In the data below, locate the line containing "1月25日拍攝的納木錯(cuò)雪景。雪后的西藏納木錯(cuò)銀裝素裹,美景如畫。(無人機(jī)照片) 中新記者 貢嘎來松" and the line containing "Enriched with astringent", then retype both and everything between them exactly. Pictures are not part of the copy.

Record excerpts:
►

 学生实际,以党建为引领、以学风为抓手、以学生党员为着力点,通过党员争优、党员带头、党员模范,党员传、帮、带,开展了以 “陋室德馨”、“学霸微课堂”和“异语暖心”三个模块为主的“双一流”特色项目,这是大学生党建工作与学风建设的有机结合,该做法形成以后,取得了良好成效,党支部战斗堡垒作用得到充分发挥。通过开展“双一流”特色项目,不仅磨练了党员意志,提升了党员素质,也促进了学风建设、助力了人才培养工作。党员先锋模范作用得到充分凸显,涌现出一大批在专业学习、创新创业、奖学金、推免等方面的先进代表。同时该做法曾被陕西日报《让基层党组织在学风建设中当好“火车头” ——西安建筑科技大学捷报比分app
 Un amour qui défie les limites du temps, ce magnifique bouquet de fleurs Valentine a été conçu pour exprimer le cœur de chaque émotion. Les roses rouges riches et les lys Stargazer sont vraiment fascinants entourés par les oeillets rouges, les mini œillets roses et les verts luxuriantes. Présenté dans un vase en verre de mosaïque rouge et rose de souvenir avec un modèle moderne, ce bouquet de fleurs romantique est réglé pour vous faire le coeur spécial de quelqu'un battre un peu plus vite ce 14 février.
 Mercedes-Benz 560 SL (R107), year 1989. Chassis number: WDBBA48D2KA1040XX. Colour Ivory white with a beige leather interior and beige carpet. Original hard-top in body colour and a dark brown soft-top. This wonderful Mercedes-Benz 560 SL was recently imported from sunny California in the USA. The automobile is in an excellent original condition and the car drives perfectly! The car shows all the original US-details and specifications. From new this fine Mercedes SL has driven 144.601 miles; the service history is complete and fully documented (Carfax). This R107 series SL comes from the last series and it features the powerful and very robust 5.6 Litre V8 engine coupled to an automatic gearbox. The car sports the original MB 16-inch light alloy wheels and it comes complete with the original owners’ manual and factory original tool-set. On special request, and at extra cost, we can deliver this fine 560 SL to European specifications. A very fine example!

◄
►

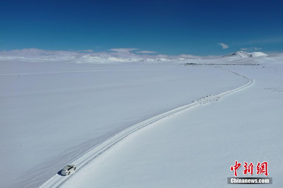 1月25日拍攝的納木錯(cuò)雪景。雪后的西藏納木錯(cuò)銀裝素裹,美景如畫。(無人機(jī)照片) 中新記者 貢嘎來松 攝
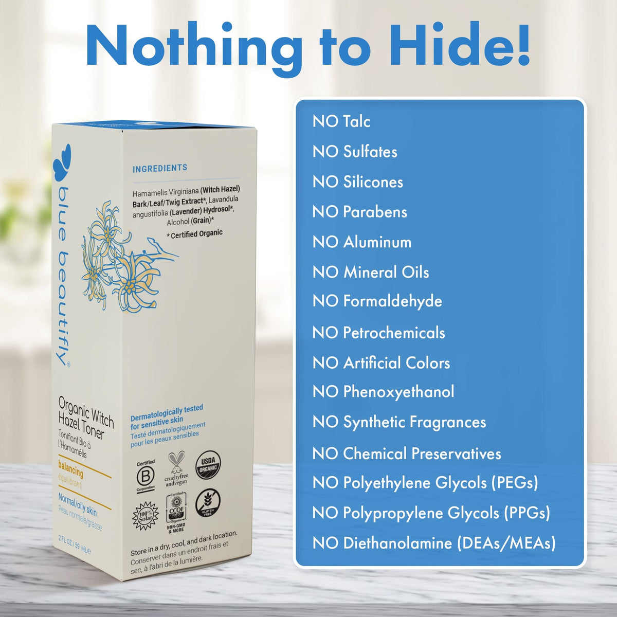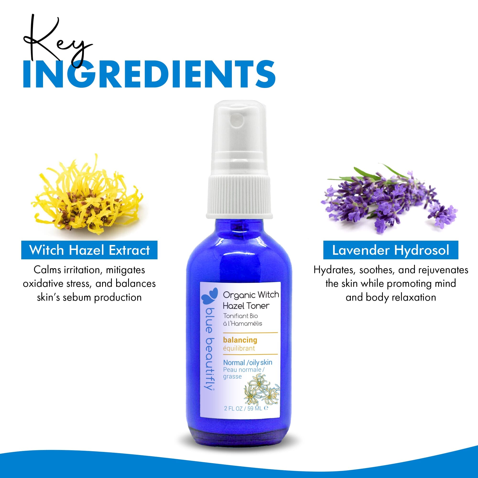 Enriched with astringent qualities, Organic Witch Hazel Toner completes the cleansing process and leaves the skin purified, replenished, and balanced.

◄
►

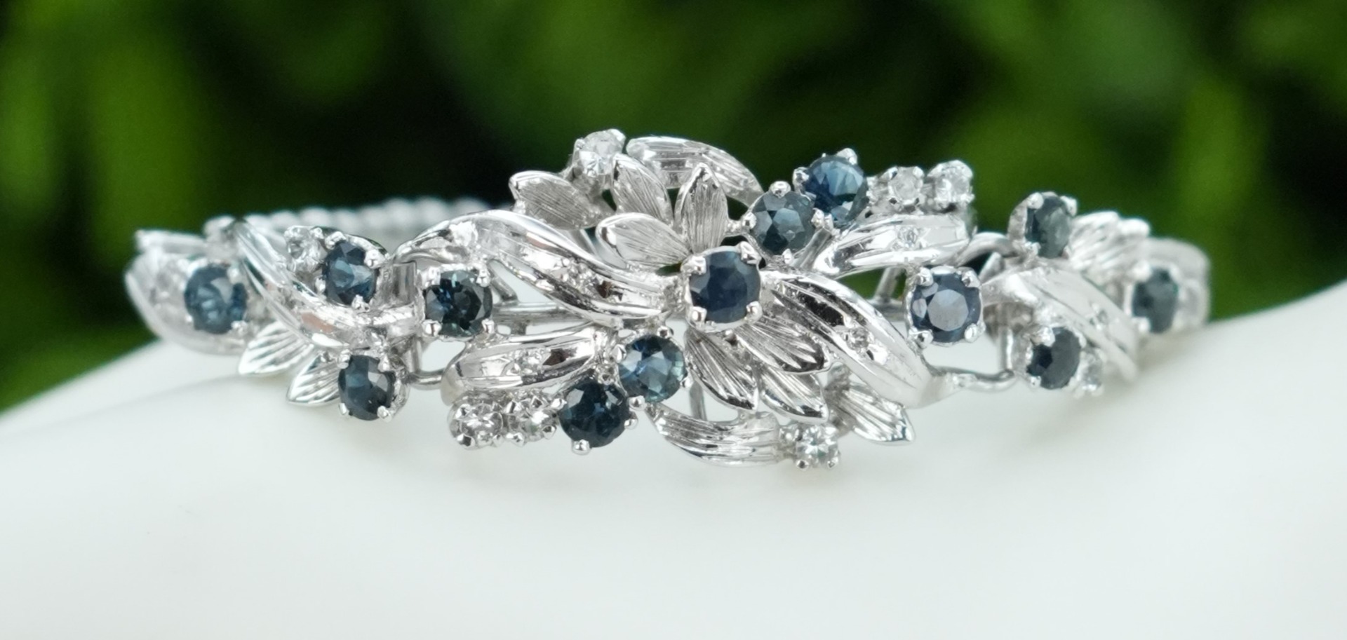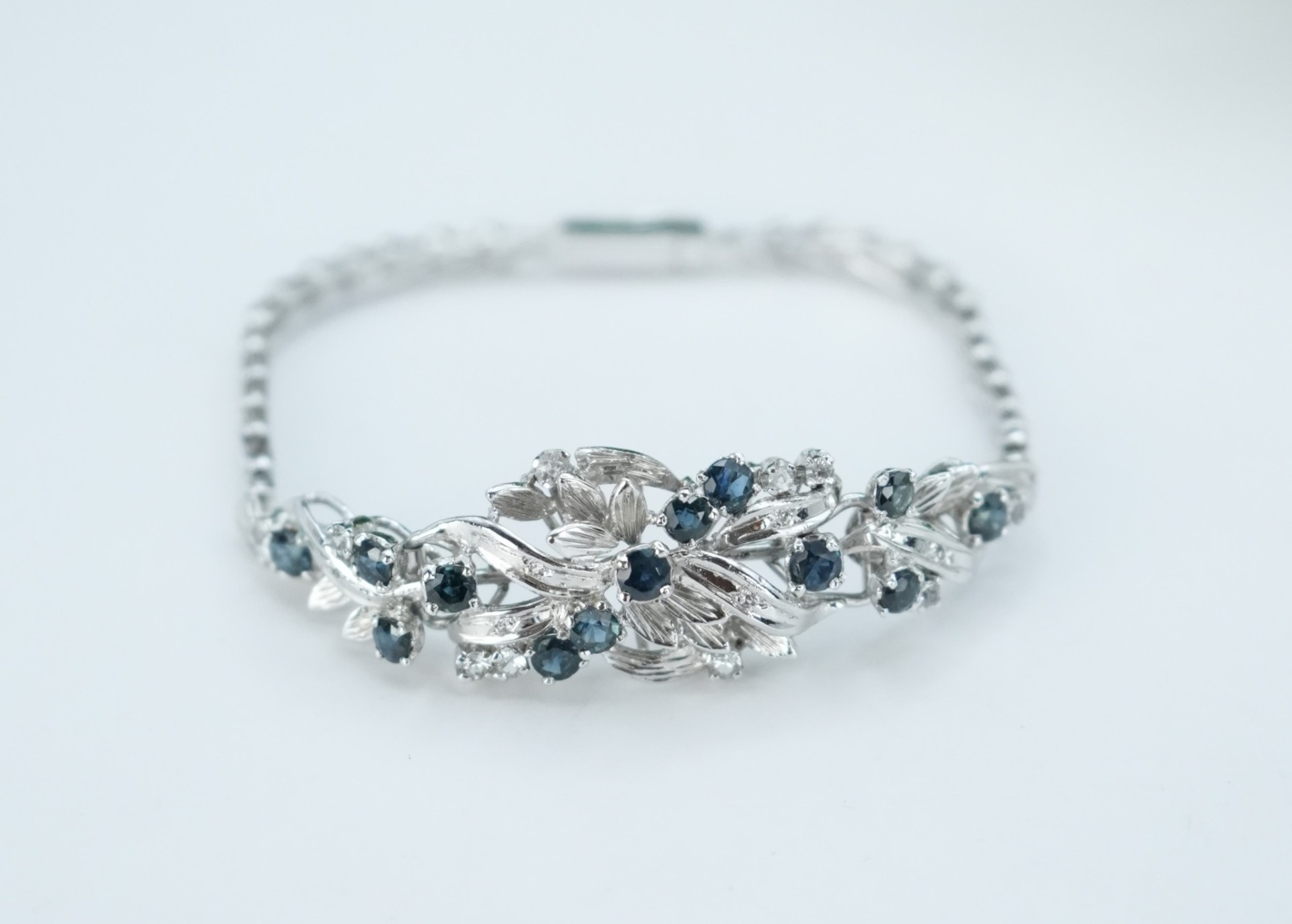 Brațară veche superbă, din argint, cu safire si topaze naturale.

◄

Response area:
 1月25日拍攝的納木錯(cuò)雪景。雪后的西藏納木錯(cuò)銀裝素裹,美景如畫。(無人機(jī)照片) 中新記者 貢嘎來松 攝
 Enriched with astringent qualities, Organic Witch Hazel Toner completes the cleansing process and leaves the skin purified, replenished, and balanced.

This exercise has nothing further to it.